The software is written in C, and uses the standard Auton libraries.

The main objects in the system are DATASETS, TRANSFORMS, PREPROCESSOR, PSTATE. The preprocessing algorithms themselves takes a DATASET and a PREPROCESSOR specification, and produce a TRANSFORM.

Datasets

A DATASET is a list of columns. Each column has a name and a vector of real values. Each column's value vector is the same length. A Dataset in which each column value vector is length N is said to have N ROWS. The i'th row is formed by taking the ith value of each column in turn.

Example:

      Temp   Pressure  Speed . . .  Quality
      97      4300      19   . . .    8
      98      4100      35   . . .    6
      56      6752      32   . . .    9
       .       .        .    . . .    .
       .       .        .    . . .    .
       .       .        .    . . .    .

(Future inclusions: Provision for Missing Data to be represented, a special TIMESTAMP column)

Transforms

A TRANSFORM is a specification of how one dataset should be transformed into another.
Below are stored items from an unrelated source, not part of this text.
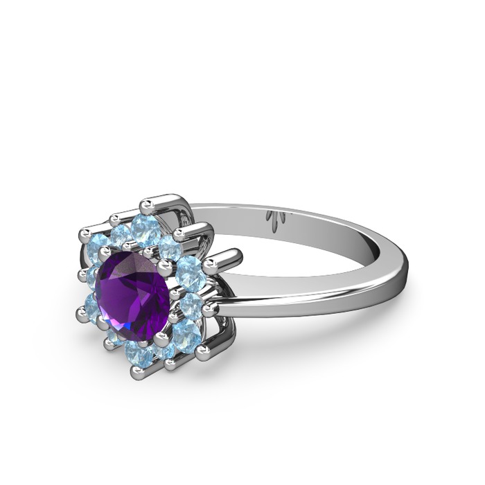 Akuamarin ve ametist 18 ayar beyaz altın yüzük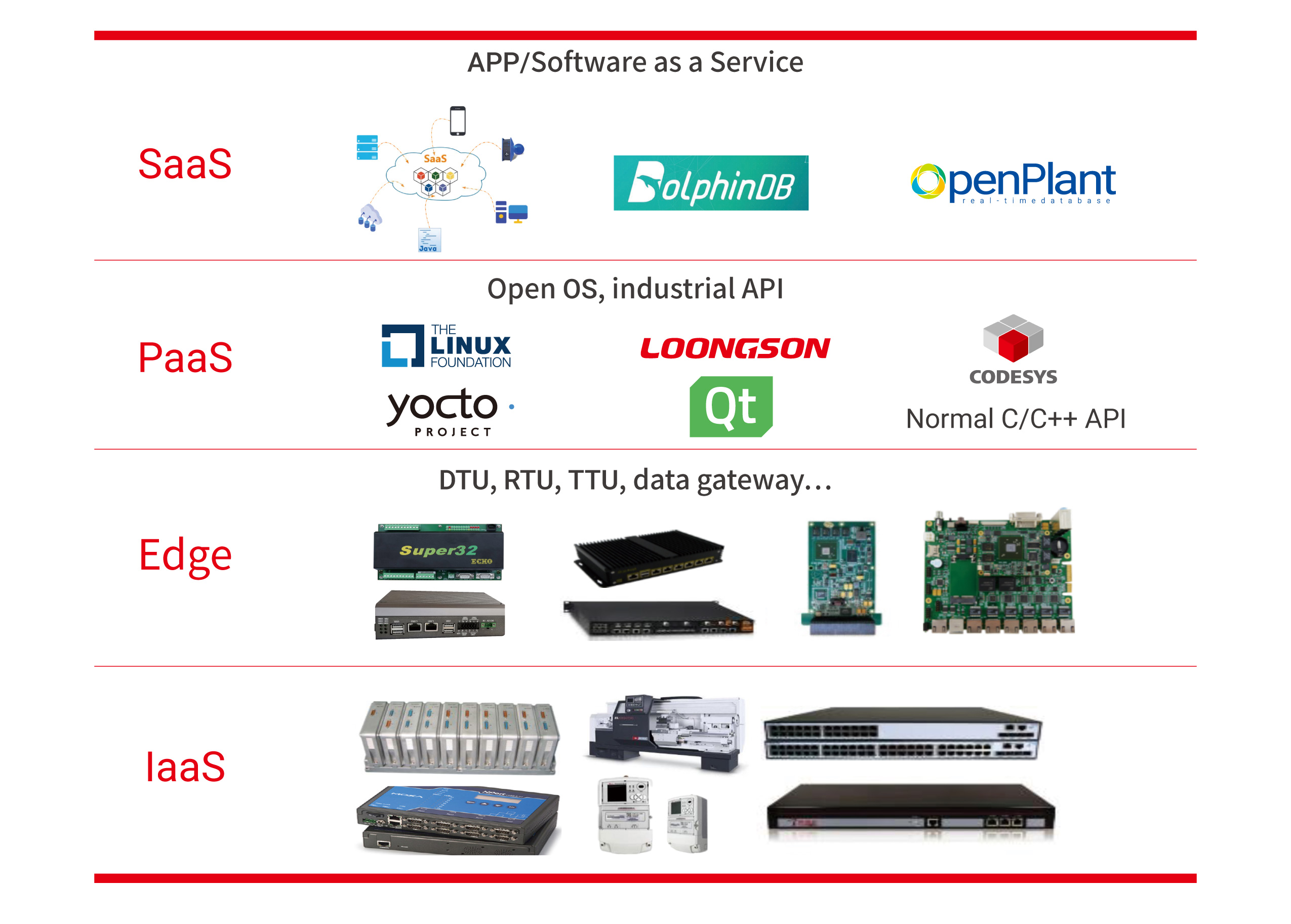Loongson provides various system-level solutions in aspects including equipment, edge, control, and application. The products based on Loongson processors, including data acquisition equipment, RTU, industrial edge gateway, PLC, DCS core controller, industrial core controller, industrial robots, and CNC, have been applied in industrial control, energy, rail transit industry, water conservancy, and other fields.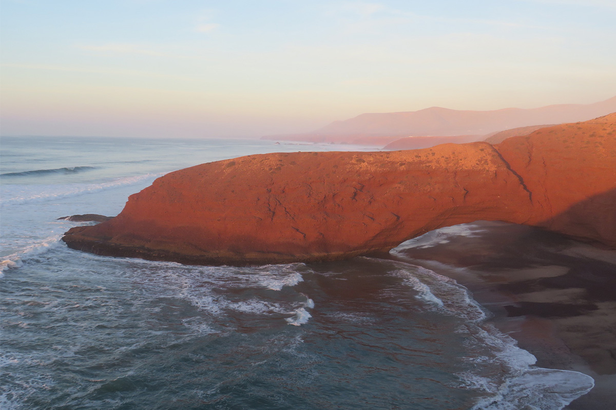 Mirleft is a couple of hours down the road from Agadir. It is a particularly beautiful town, with plenty of beaches, food and shoals of fish. The Anti-Atlas mountains and their peaks loom behind the coastline along the horizon’s clouds. Here, there are more suntans than Sultans thanks to the big surf culture. Most visitors wear rucksacks bigger than their bodies and search for waves, ditching their phones for dusty boots and sandy hair.

It is a list of INCLUDEs followed by a list of REMOVEs. An INCLUDE consists of a new column name, followed by a formula specifying how elements in the new column should be computed from elements in other columns. A REMOVE consists of the name of a column already in the datafile. It denotes the removal of the named column from the new dataset. Any column in the original dataset that does not appear in a REMOVE instruction with appear unchanged in the new dataset.

Example:

      include princomp1 = 0.976 * (Temp - 96.4) + 0.04 * (Pressure - 4900) + ...
      include log_quality = log(Quality)
      .
      .
      remove pressure
      remove temp

Preprocessors

A preprocessor is a simple data structure specifying a desired preprocessing algorithm and optional arguments to it.

Examples:

      princomps maxcomps 8 threshold 0.05
meaning "Perform principal components, and include 8 or fewer components, ignoring any that explain less than 5% of the variance".

and

      featureselect regression predicting log_quality maxfeats 4
meaning "Find up to the most important four features for predicting log_quality, assuming you must use linear regression".
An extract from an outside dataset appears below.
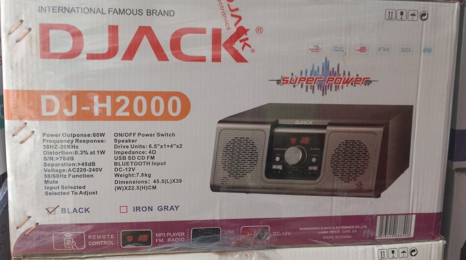 Découvrez une qualité sonore exceptionnelle avec la chaîne Hi-Fi stéréo DJACK DJ-H2000. Avec une puissance de 60W, cette chaîne offre des basses profondes et claires grâce à son système de haut-parleur 2.1. Profitez d'une connectivité Bluetooth, USB et radio FM pour écouter vos musiques préférées où vous voulez. Idéal pour la maison ou les petites fêtes, le DJ-H2000 vous assure une expérience audio immersive.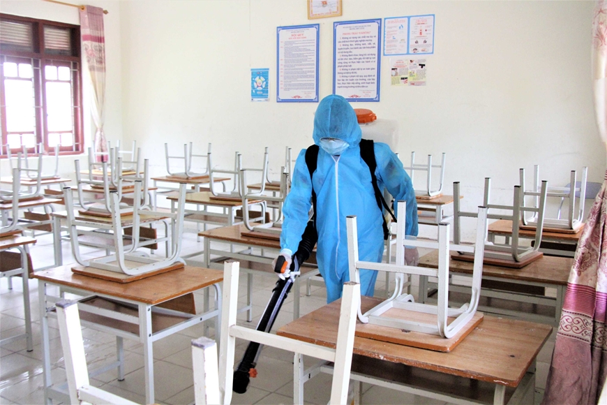 | Phun khử khuẩn tại trường học ở huyện Cô Tô, tỉnh Quảng Ninh để chuẩn bị năm học mới. Ảnh: HOÀNG PHƯƠNG. |

The intended preprocessors include (in order of complexity and likelihood of accomplishment during the project)

PCA

Non-linear PCA

PCA-for-prediction

Feature selection with polynomial regression

Feature selection with fast decision trees

Feature selection with GMBL

Nonlinear transforms

Removal of redundant (mutually predicting) input-pairs

Rank transforms

Timeseries Time-weighted averaging

Timeseries moving time-window

Hidden feature imputation (Kan's thesis work)

The intention is that addition of new preprocessors is easy.

PState

The user and search algorithms will interact with the preprocessors in a search tree with datasets as states, transforms as operators, preprocessors as generators of transforms. This will be encapsulated in an (as yet only sketched) Pstate structure.

Primary Operations

      Command Line ---> Preprocessor
      Preprocessor ---> Explain
      Preprocessor , Dataset ---> Transform
      Preprocessor , Dataset ---> Explain
      Transform ---> Explain
      Row , Transform ---> Row
      Dataset , Transform ---> Dataset
      Dataset <---> ASCII file
      Transform <---> ASCII file

"Suggester" operation: Dataset ---> Transform

Timetable

By July 1st

Implement the skeleton transform, dataset, preprocessor stuctures Implement PCA preprocessor Implement regression-based feature selector

By September 1st

Implement GMDH-based composite feature finder Implement clever feature selectors Implement box-cox non-linear transforms

November 1st

Timeseries transforms (with Belinda?) Hidden value Imputation (with Kan)

Jan 1st, 1997

Extra PCA preprocessor features Deliver source code and documentation to 3M

Jan 1st - March 1st, 1997

During this period, provide support for 3M-side integration of software into PKB or other 3M software systems.

Additionally, deliver a stand-alone, type-at-console-based, command-line user interface.

Research into integrated Human/Search Engine preprocessor system

Deliverables

Source code written in standard ANSI-C. Should be fully compatible with (at the very least) compilation under any standard UNIX compiler on UNIX or any standard C compiler on Windows (95 , NT).